RaceDriver205 wrote:
Rapraps replie is well structured and written with thought. I would suspect he is a far more intelligent man than you are, and yet when he provides his substantial fact-based rebuttle... "
Flaprap's blathering indicates that he knows precisely nothing about population genetics, the theory of evolution, the Haldane dilemma, or anything related to any of them.
He's basically a blowhard. Don't ask me to respect blowhards.

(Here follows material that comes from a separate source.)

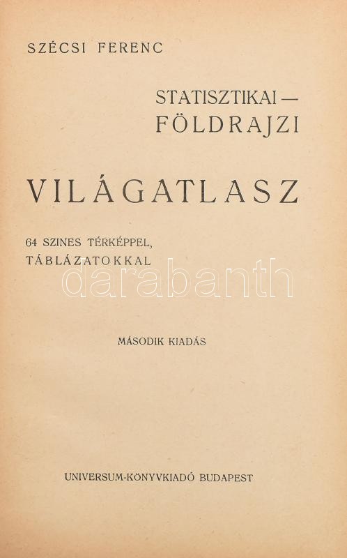 cca 1940 Szécsi Ferenc: Statisztikai-földrajzi világatlasz. Bp., é.n., Universum ("Élet"-ny.), 1 t.+78+(1) p.+59 t.+63+(1) p. Színes térképekkel, köztük több kétoldalas. Kiadói egészvászon-kötés, kissé foltos borítóval.

Amongst the other fairytale aspects of the theory of evolution, the theory requires that the non-existent "beneficial mutation" have a "selective advantage" (you counting? that's two pieces of total BS for the price of one...) and that this "selective advantage" of the creature with the good change, typically taken to be a mutated nucleotide, will gradually cause the old stock to die out until all are replaced.
This is necessary for the theory because otherwise, every time any non-fatal mutation occurred, there would afterwards be creatures of both old and new stock repropducing themselves into the future. In other words, we would actually see creatures at every step of the process from the mythical "ape-like ancestor" to ourselves, walking around today.
The basic idea is that 10 million years ago you had a population of apes or ape-like human ancestors, and today you have a population of humans with no trace of intermediates.
Thus, in order to substitute any genetic trait into a population, there is a cost in that a certain number of the creatures have to die in order for one substitution to take place. If you try to substitute multiple changes into the herd willy nilly, the cost will become unpayable, and the herd will perish.
The real source on this particular topic is Walter Remine's "The Biotic Message".